Skip the images and repeat every entry word for word.

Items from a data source

Content starts

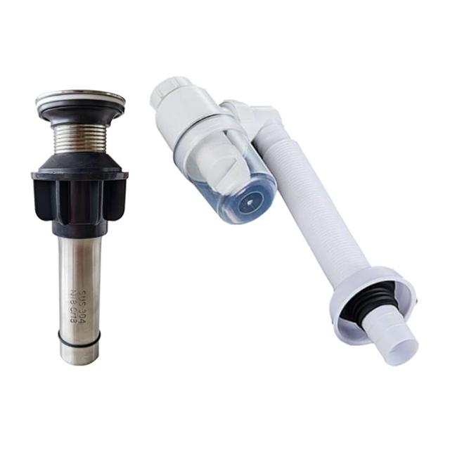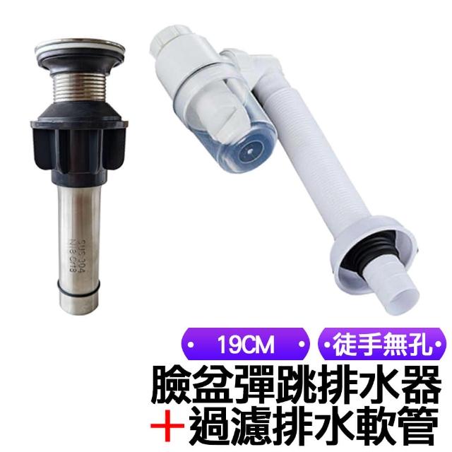 全記得大賣場 「19cm徒手無孔」臉盆按壓彈跳式304不鏽鋼排水器+過濾排水軟管「套組」下水器,排水管
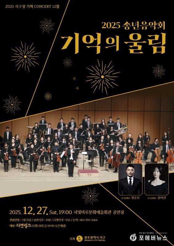 [ 포에버뉴스 오명숙 기자 ] 광주광역시 서구는 2025년 한 해를 마무리하며 오는 27일 오후7시 서빛마루문화예술회관에서 송년음악회 ‘기억의 울림’을 개최한다.
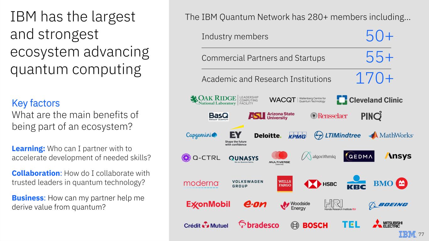 IBM has the largest and strongest ecosystem advancing quantum computing Key factors What are the main benefits of being part of an ecosystem? Learning: Who can I partner with to accelerate development of needed skills? Collaboration: How do I collaborate with trusted leaders in quantum technology? Business: How can my partner help me derive value from quantum? The IBM Quantum Network has 280+ members including… 77 Industry members 50+ Commercial Partners and Startups 55+ Academic and Research Institutions 170+
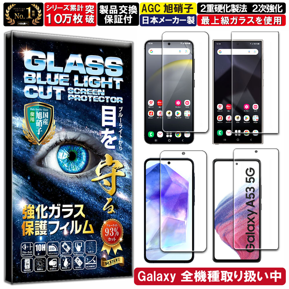 2枚セット ブルーライトカット Galaxy S24 5G / S24 ultra / A55 5G / A53 5G / A52 5G / A51 5G ガラスフィルム フィルム A23 5G / A22 5G / A21 /A20 対応 硬度10H W硬化製法 強化ガラス 液晶 画面 保護 保護フィルム クリアガラス ライズプロダクツ
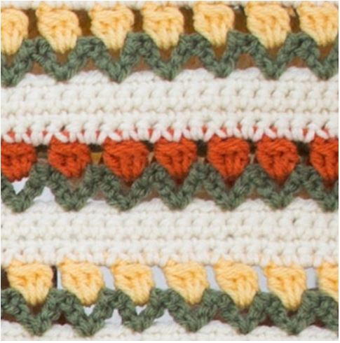 Row 3: With C, ch 3, skip first dc, * Cl in next ch-1 space, ch 2; repeat from * to last ch-1 space; Cl in last ch-1 space, dc in top of ch-3 changing to A; turn.
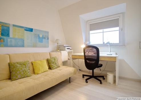 Waschmaschine und Trockner befinden sich im großen Badezimmer, ein Schreibtisch im 2. Schlafzimmer.
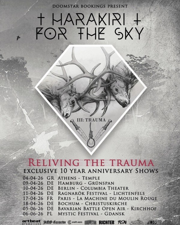 Blackened metal force Harakiri For The Sky announced exclusive 10 Year Anniversary Shows. 04.04.26 Athens - Temple09.04.26 Hamburg - Grünspan10.04.26 Berlin - Columbia Theater11.04.26 RagnarökFestival - Lichtenfels17.04.26 Paris - La Machine du Moulin Rouge18.04.26 Bochum - Christuskirche05.06.26 Bavarian Battle Open Air, Kirchhof06.06.26 Mystic Festival, Gdansk
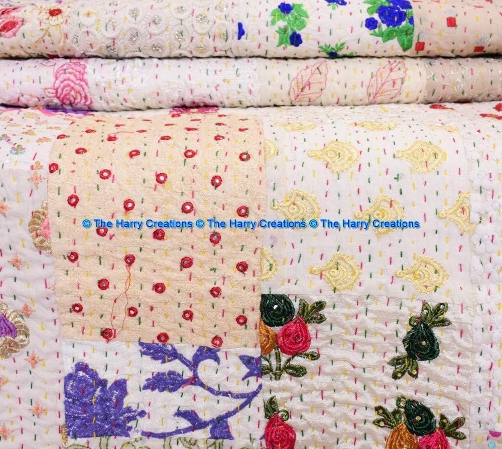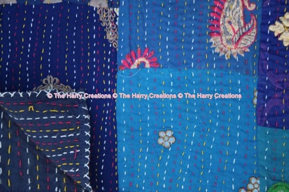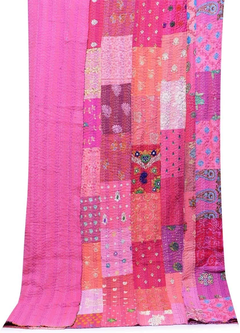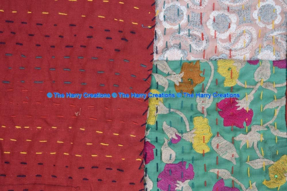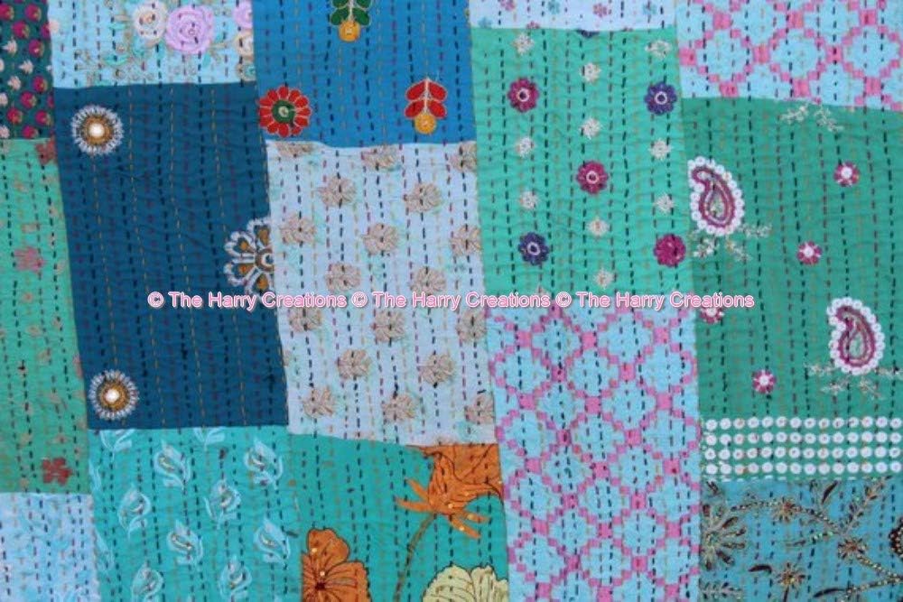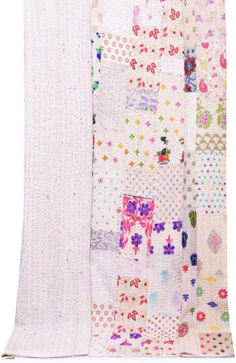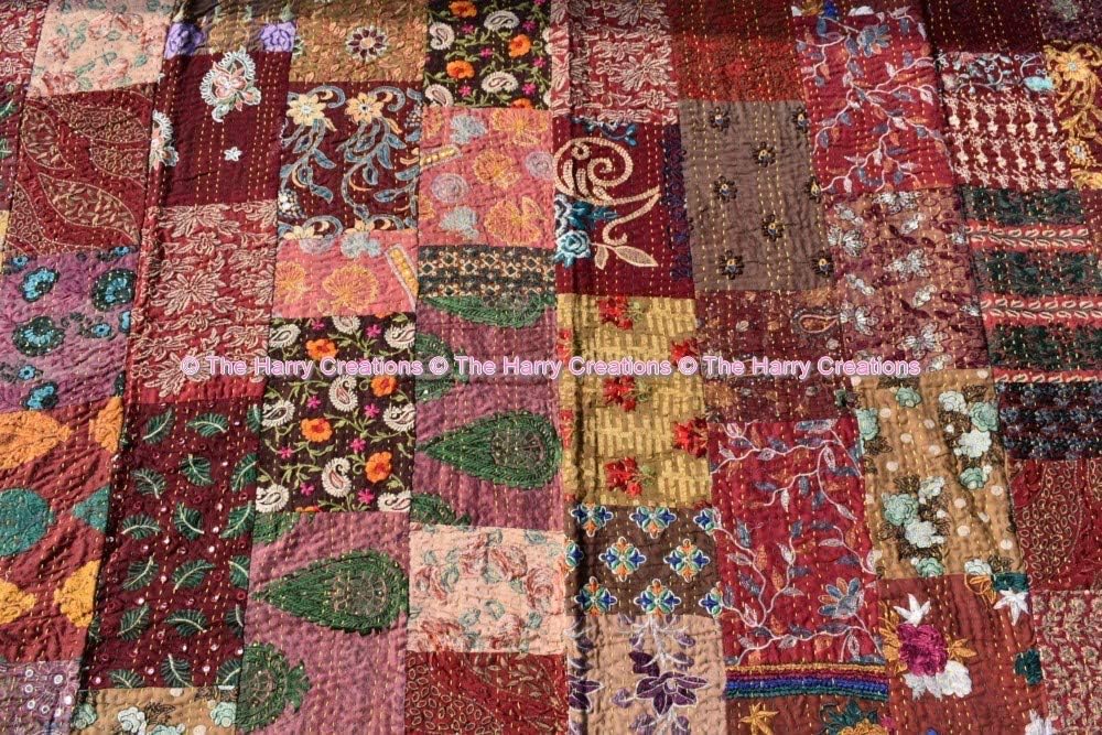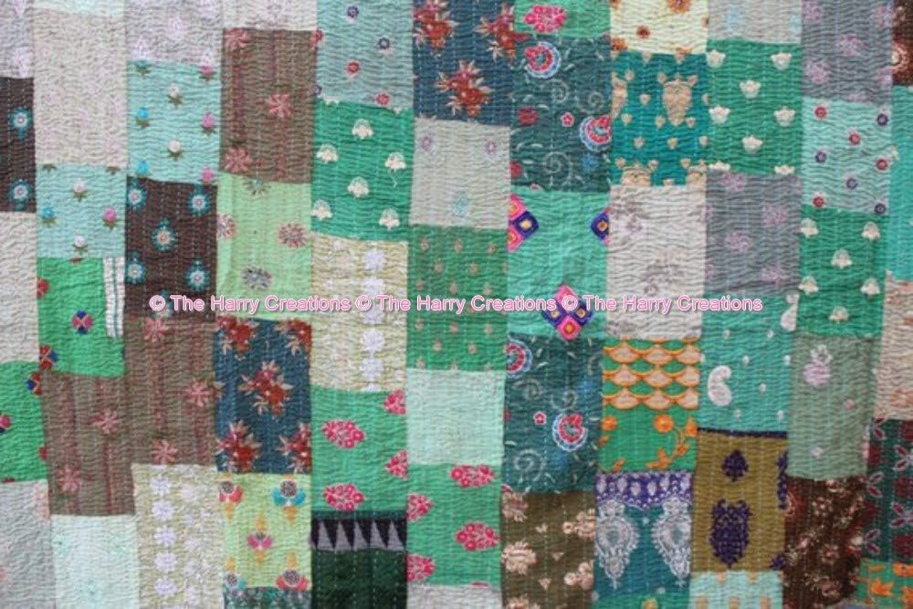 Women in India have saved their old Dresses to make quilts for centuries, Kantha is an old art of embroidery done by the women in rural India. The Throw is made of Vintage cotton Dresses, Stitched together with hundreds of small straight stitches. Each one is unique, No two are the same. As old Vintage Dresses are used for these throws there may be signs of wear & Tear and may have little patches or some may have extra thread, This is not an imperfection but its characteristic. These throws are reversible & can be used either side. The Flip side is the plain as shown which makes it more useful and can be used anywhere in the house be it as a Bedspread,Throw, Quilt, Sofa cover or Tapestry. These throws are one of a kind Throw. Each throw is different. No two throws are the same.

Content ends

# [RESPONSE TO THE TASK]
 全記得大賣場 「19cm徒手無孔」臉盆按壓彈跳式304不鏽鋼排水器+過濾排水軟管「套組」下水器,排水管
 [ 포에버뉴스 오명숙 기자 ] 광주광역시 서구는 2025년 한 해를 마무리하며 오는 27일 오후7시 서빛마루문화예술회관에서 송년음악회 ‘기억의 울림’을 개최한다.
 IBM has the largest and strongest ecosystem advancing quantum computing Key factors What are the main benefits of being part of an ecosystem? Learning: Who can I partner with to accelerate development of needed skills? Collaboration: How do I collaborate with trusted leaders in quantum technology? Business: How can my partner help me derive value from quantum? The IBM Quantum Network has 280+ members including… 77 Industry members 50+ Commercial Partners and Startups 55+ Academic and Research Institutions 170+
 2枚セット ブルーライトカット Galaxy S24 5G / S24 ultra / A55 5G / A53 5G / A52 5G / A51 5G ガラスフィルム フィルム A23 5G / A22 5G / A21 /A20 対応 硬度10H W硬化製法 強化ガラス 液晶 画面 保護 保護フィルム クリアガラス ライズプロダクツ
 Row 3: With C, ch 3, skip first dc, * Cl in next ch-1 space, ch 2; repeat from * to last ch-1 space; Cl in last ch-1 space, dc in top of ch-3 changing to A; turn.
 Waschmaschine und Trockner befinden sich im großen Badezimmer, ein Schreibtisch im 2. Schlafzimmer.
 Blackened metal force Harakiri For The Sky announced exclusive 10 Year Anniversary Shows. 04.04.26 Athens - Temple09.04.26 Hamburg - Grünspan10.04.26 Berlin - Columbia Theater11.04.26 RagnarökFestival - Lichtenfels17.04.26 Paris - La Machine du Moulin Rouge18.04.26 Bochum - Christuskirche05.06.26 Bavarian Battle Open Air, Kirchhof06.06.26 Mystic Festival, Gdansk
 Women in India have saved their old Dresses to make quilts for centuries, Kantha is an old art of embroidery done by the women in rural India. The Throw is made of Vintage cotton Dresses, Stitched together with hundreds of small straight stitches. Each one is unique, No two are the same. As old Vintage Dresses are used for these throws there may be signs of wear & Tear and may have little patches or some may have extra thread, This is not an imperfection but its characteristic. These throws are reversible & can be used either side. The Flip side is the plain as shown which makes it more useful and can be used anywhere in the house be it as a Bedspread,Throw, Quilt, Sofa cover or Tapestry. These throws are one of a kind Throw. Each throw is different. No two throws are the same.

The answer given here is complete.